Finally, we compare the result with the class fusion that is stored on the library table.

gap> GetFusionMap( tblg, b ) in gfusb;
true

9.3-5 \(7^{1+4}:(3 \times 2.S_7) \rightarrow M\) (May 2009)

The class fusion of the maximal subgroup \(U\) of type \(7^{1+4}:(3 \times 2.S_7)\) of the Monster group \(M\) into \(M\) is ambiguous.

gap> tblu:= CharacterTable( "7^(1+4):(3x2.S7)" );;
gap> m:= CharacterTable( "M" );;
gap> ufusm:= PossibleClassFusions( tblu, m );;
gap> Length( RepresentativesFusions( tblu, ufusm, m ) );
2

The subgroup \(U\) contains a Sylow \(7\)-subgroup of \(M\), and the only maximal subgroups of \(M\) with this property are the class of \(U\) and another class of subgroups, of the type \(7^{2+1+2}:GL_2(7)\). Moreover, it turns out that the Sylow \(7\) normalizers in the subgroups in both classes have the same order, hence they are the Sylow \(7\) normalizers in \(M\).

For that, we use representations from the Atlas of Group Representations [WWT+], and access these representations via the GAP package AtlasRep ([WPN+22]).

gap> LoadPackage( "atlasrep", false );
true
gap> g1:= AtlasGroup( "7^(2+1+2):GL2(7)" );;
gap> s1:= SylowSubgroup( g1, 7 );;
gap> n1:= Normalizer( g1, s1 );;
gap> g2:= AtlasGroup( "7^(1+4):(3x2.S7)" );;
gap> s2:= SylowSubgroup( g2, 7 );;
gap> n2:= Normalizer( g2, s2 );;
gap> Size( n1 ) = Size( n2 );
true
gap> ( Size( m ) / Size( s1 ) ) mod 7 <> 0;
true

So let \(N\) be a Sylow \(7\) normalizer in \(U\), and choose a subgroup \(S\) of the type \(7^{2+1+2}:GL_2(7)\) that contains \(N\).

We compute the character table of \(N\). Computing the possible class fusions of \(N\) into \(M\) directly yields two possibilities, but the class fusion of \(N\) into \(M\) via \(S\) is uniquely determined by the character tables.

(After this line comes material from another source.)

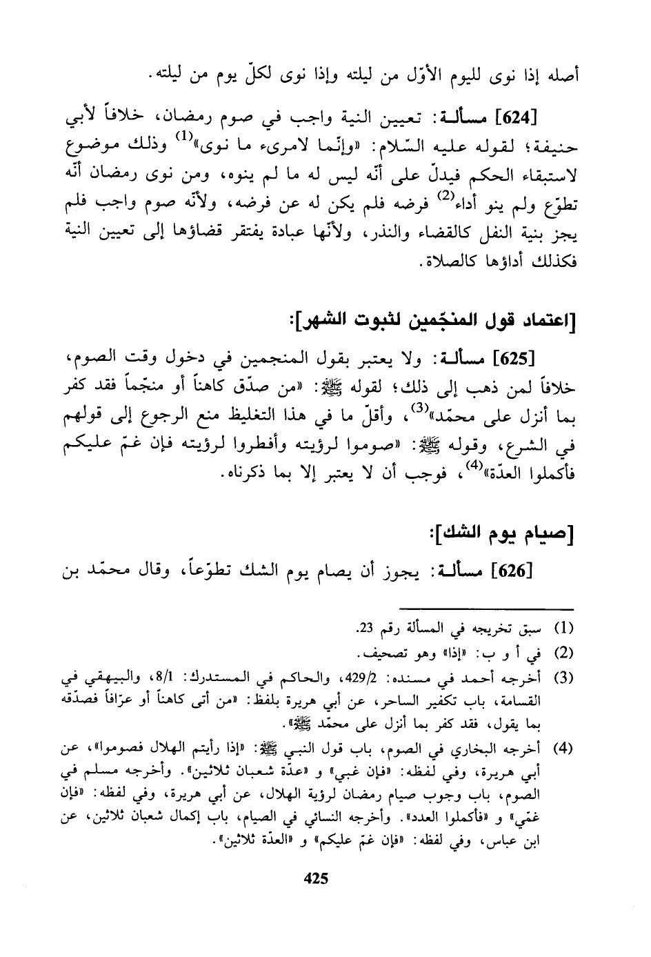 [625] مسألة: ولا يعتبر بقول المنجمين في دخول وقت الصوم، خلافاً لمن ذهب إلى ذلك، لقوله - صلى الله عليه وسلم -: (من صدق كاهنا أو منجما فقد كفر بما أنزل على محمد)، وأقل ما في هذا التغليظ منع الرجوع إلى قولهم في الشرع، وقوله - صلى الله عليه وسلم - (صوموا لرؤيته وأفطروا لرؤيته، فإن غم عليكم فأكملوا العدة)، فوجب أن لا يعتبر إلا بما ذكرناه.

gap> tbln:= CharacterTable( Image( IsomorphismPcGroup( n1 ) ) );;
gap> tbls:= CharacterTable( "7^(2+1+2):GL2(7)" );;
gap> nfusm:= PossibleClassFusions( tbln, m );;
gap> Length( RepresentativesFusions( tbln, nfusm, m ) );
2
gap> nfuss:= PossibleClassFusions( tbln, tbls );;
gap> sfusm:= PossibleClassFusions( tbls, m );;
gap> nfusm:= SetOfComposedClassFusions( sfusm, nfuss );;
gap> Length( nfusm );
1

Now we use the condition that the class fusions from \(N\) into \(M\) factors through \(U\). This determines the class fusion of \(U\) into \(M\) up to table automorphisms.

gap> nfusu:= PossibleClassFusions( tbln, tblu );;
gap> ufusm:= Filtered( ufusm, map2 -> ForAny( nfusu, 
>        map1 -> CompositionMaps( map2, map1 ) in nfusm ) );;
gap> Length( RepresentativesFusions( tblu, ufusm, m ) );
1

Let \(C\) be the centralizer in \(U\) of the normal subgroup of order \(7\); note that \(C\) is the 7B centralizer on \(M\). We can use the information about the class fusion of \(U\) into \(M\) for determining the class fusion of \(C\) into \(M\). The class fusion of \(C\) into \(M\) is not determined by the character tables, but the class fusion of \(C\) into \(U\) is determined up to table automorphisms, so the same holds for the class fusion of \(C\) into \(M\).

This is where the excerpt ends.